There was also a culture boom in Aspen. It was begun by the late Walter Paepcke, chairman of the board of Container Corporation of America, who thought the town was a perfect summer setting for cultural festivals. Albert Schweitzer left his jungle mission to deliver a lecture in the former mining town and José Ortega y Gasset, the Spanish philosopher, made his first journey out of Spain to deliver another. Great symphony orchestras performed, the restored opera house rang to Wagnerian renditions by Traubel and Melchior, and a host of intellectuals and artists gathered from all corners of the globe for the annual seminars at the newly created Aspen Institute for Humanistic Studies
In the winter of 1950, Aspen was chosen for the site of the World Ski Championships, by which time the town's future was finally settled. A coma that had lasted half a century was over.

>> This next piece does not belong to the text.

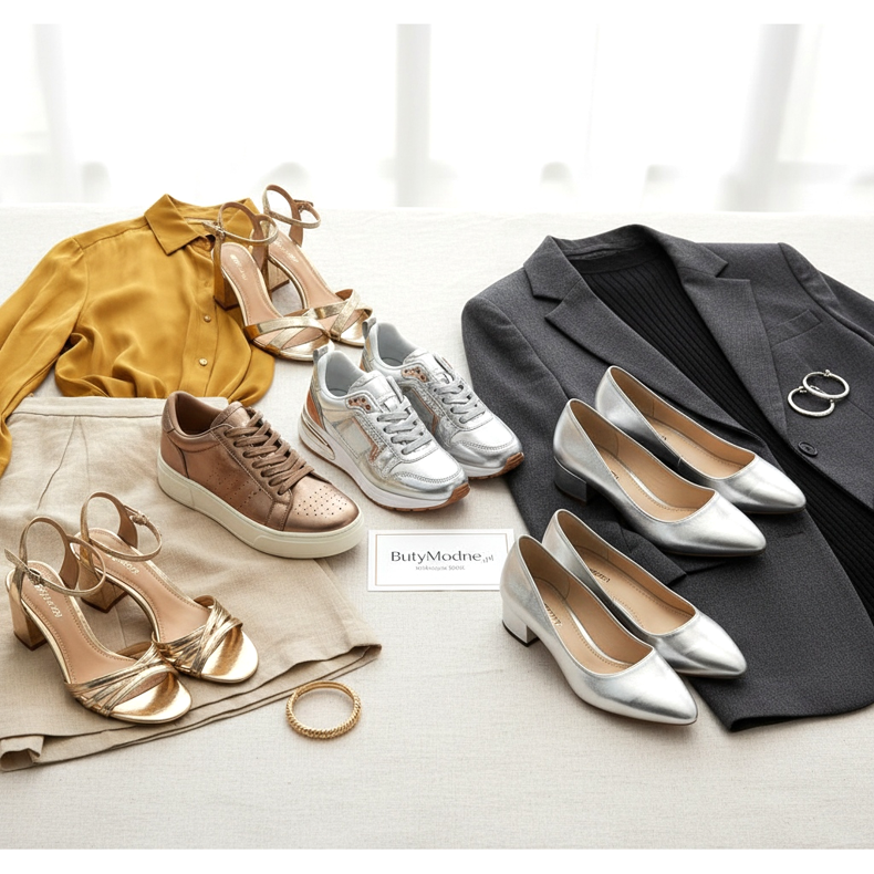 Before buying metallic shoes, it is worth considering what colors dominate in your wardrobe. If you wear a lot of black and gray, silver shoes will be a natural choice. If you prefer beige and natural colors, gold or brown will work better.

Aspen today is one of the largest and most famous ski resorts in the world (as well as being a warm-weather mecca for intellectuals and artists in residence and out). In Colorado, it's the oldest and biggest. It has four mountains, miles of forested trails and open slopes, and seven chair lifts capable of moving 5500 skiers every hour.
There are really four ski areas in Greater Aspen—Buttermilk, Snowmass, Aspen Highlands and Aspen itself. Shuttle buses connect them and tickets for lifts and instruction are interchangeable. Each mountain in the region offers different challenges—beginners and intermediates at Buttermilk, novices and experts at Aspen Highlands and a mixture of all classes at Aspen and Snowmass.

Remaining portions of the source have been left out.